Maait made these remarks in his speech at the Scientific Association for Tax Legislation conference titled “Financial and Monetary Policies in Supporting National Industry”. He mentioned the launch of the national program for eco-friendly car manufacturing, which involves signing protocols with seven companies that will benefit from incentives, such as reduced customs categories and cash benefits. These measures aim to enhance the budget of the Eco-Friendly Car Industry Fund by EGP 500m, contributing to boosting local car assembly, reducing import costs, and deepening private sector participation. He also said that eight companies are collaborating with the government in the initiative to replace old vehicles with new ones running on natural gas, with gradual expansion into provinces.

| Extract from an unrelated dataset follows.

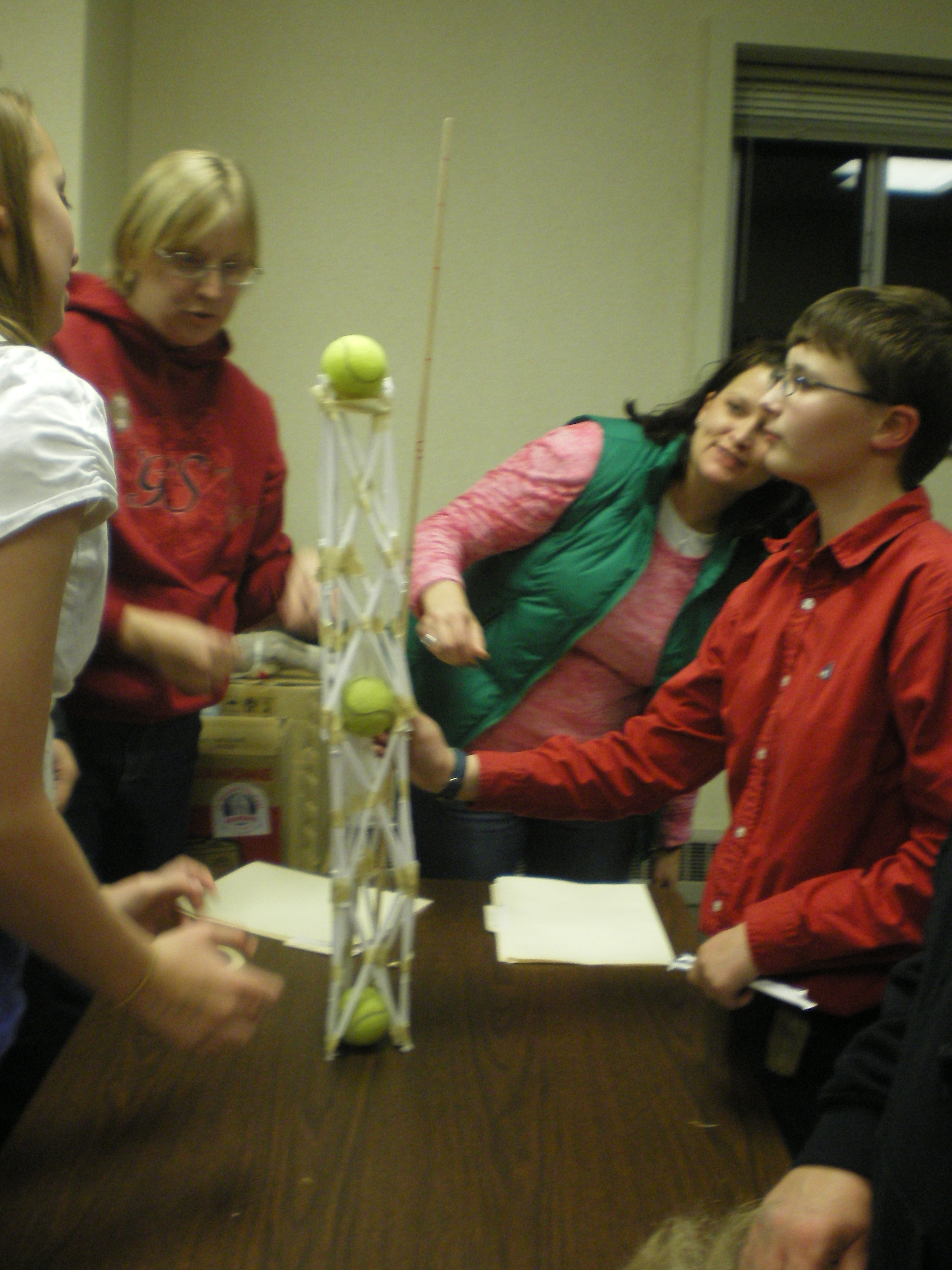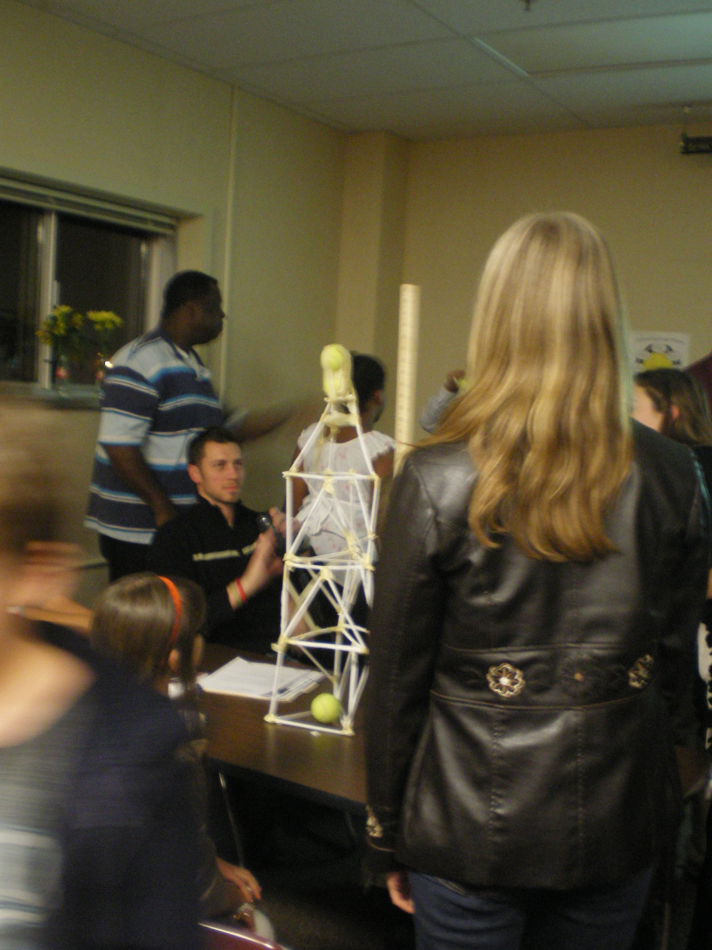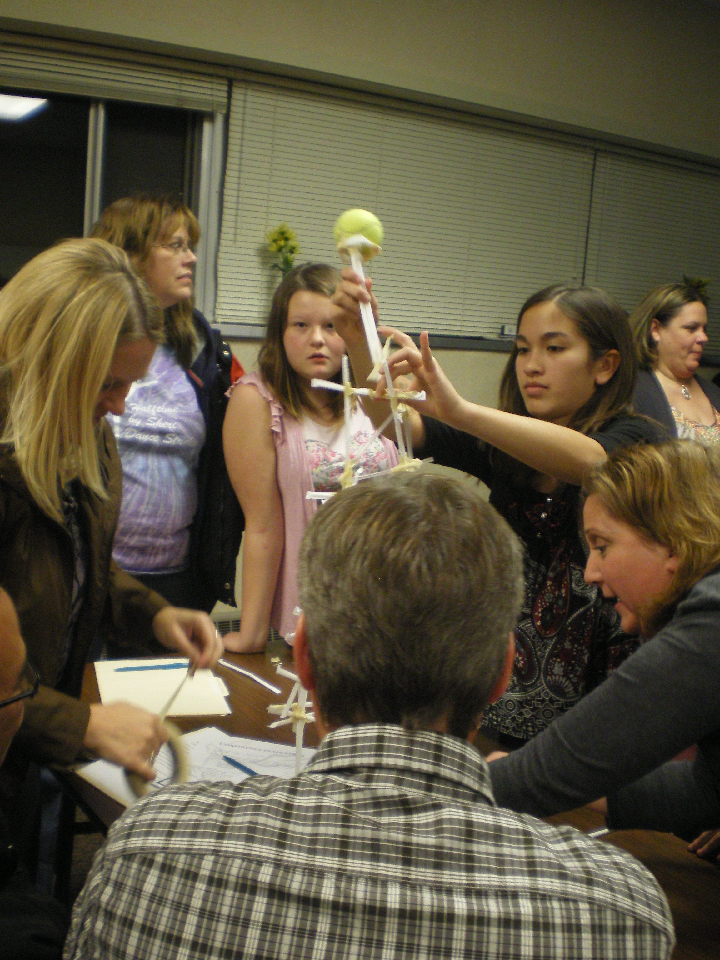 One of the activities focused on team building and the value in fostering creativity, collaboration, communication and critical thinking in problem solving. That resulted in tables of parents and kids trying to build the tallest structure they could in 10 minutes. It was great to see how engaged the parents were with the kids on this activity. It was difficult for the 7th grade teaching team to reel them back in after that activity to talk about what lessons were learned in the process (they were all a-buzz amongst themselves about the experience, evaluating their structure and sharing afterthoughts for future designs). I guess that was the whole point. 😉

He highlighted the state’s commitment to industrial development, starting with simplifying procedures, including expanding the golden licence, through which investors obtain a single approval for establishing and operating projects in several vital sectors. He added that the government is also keen on stimulating exports, disbursing over EGP 50bn to exporting companies since the initiation of the lump-sum export subsidy dues payment with the Export Development Fund in October 2019.
The golden licence is a mechanism for granting investors approval to buy/rent land and operate projects without having to secure prior approval from multiple government bodies.

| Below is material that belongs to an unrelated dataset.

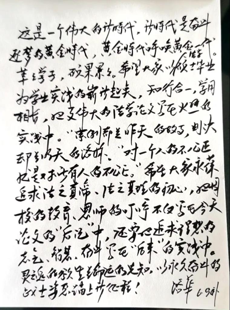 法学理论专业答辩委员会主席、银川市中级人民法院路华院长寄语毕业生:这是一个伟大的新时代,新时代是奋斗逐梦的黄金时代,黄金时代呼唤黄金一代。莘莘学子,硕果累累。希望大家以法学硕士毕业为学业实践的崭新起点,知行合一,学用相长,把更伟大的法学论文写在火热的实践中。“案例都是昨天的故事,判决却是昨天的路标。对一个人的不公正就是对所有人的不公正。”希望大家永葆追求法之真谛,法之真理的初心,把母校的教育,恩师的叮咛不仅写在今天论文的“后记”中,还要把追求理想的志气、智慧、奋斗写在“后来”的实践中。灵魂的欲望是命运的先知,以永久奋斗的战士姿态踏上新征程!

Maait explained that the state is working to implement presidential directives, taking necessary legal measures to exempt strategic industrial projects from certain taxes for 5 years, with the possibility of recovering a percentage of the land value and investment costs up to 50%, provided that the project is executed within half of the specified period. He said that the Ministry of Finance has introduced a clearance system between investors’ receivables and tax and other governmental debts and that the treasury bears the property tax due on industrial projects for 3 years.
He added that there is an investment incentive ranging from 33% to 55% of the tax due on profits earned from green hydrogen projects and strategic industries. He also said that customs exemptions have been granted for most parts and components of mobile phones and that the customs tax on others has been reduced to no more than 2%, encouraging local manufacturing. He noted that development fees on parts and components and the final product of locally manufactured mobile phones have been eliminated.

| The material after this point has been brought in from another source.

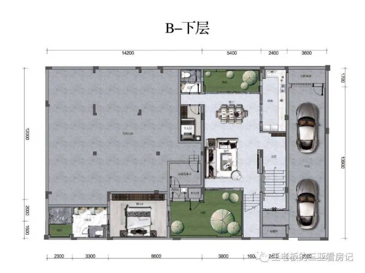 E户型:建面约600㎡(7室5厅17卫+3多功能厅+2工人房+2司机房)

Maait further noted that among the supportive incentives for the national industry is dropping unpaid value-added tax on machinery and equipment imported for industrial production upon commencing production. He said that goods or services exported by projects in special economic zones, or those imported by them, are subject to a zero-rate tax. He also said that the Investment Law No. 72 of 2017 has been renewed, including a deduction of a percentage of the investment cost, up to 50% of the taxable base, for projects in “A” and “B” regions, along with special incentives for activities related to information technology and communications.
He emphasized the provisions of the Law on the Development of Medium, Small, and Micro Enterprises, providing tax and non-tax incentives, including simplified tax systems in the form of a fixed tax amount or a very small fixed percentage of revenue depending on circumstances, without the need to keep books and records and without undergoing inspection for at least 5 years.
The Minister said that the customs tariff has been revised to lower the import tax on more than 150 items of production supplies and inputs. This helps achieve the required balance between the tax imposed on fully manufactured goods and intermediate goods and raw materials that are used in their production, protecting national industry and maintaining employment rates.
He explained that despite all internal and external challenges, the state continues to provide EGP 160bn in easy financing for agricultural, industrial, and touristic production activities with an interest rate not exceeding 11% over 5 years. The General Treasury of the State covers EGP 13bn annually, the difference in the interest rate. More than 2454 clients have benefited from these financing facilities, exceeding EGP 88bn so far.
Maait stated that the General Treasury of the State also pays EGP 5bn, the value of the property tax due on industrial projects for 3 years, and EGP 6bn annually to subsidize industrial electricity.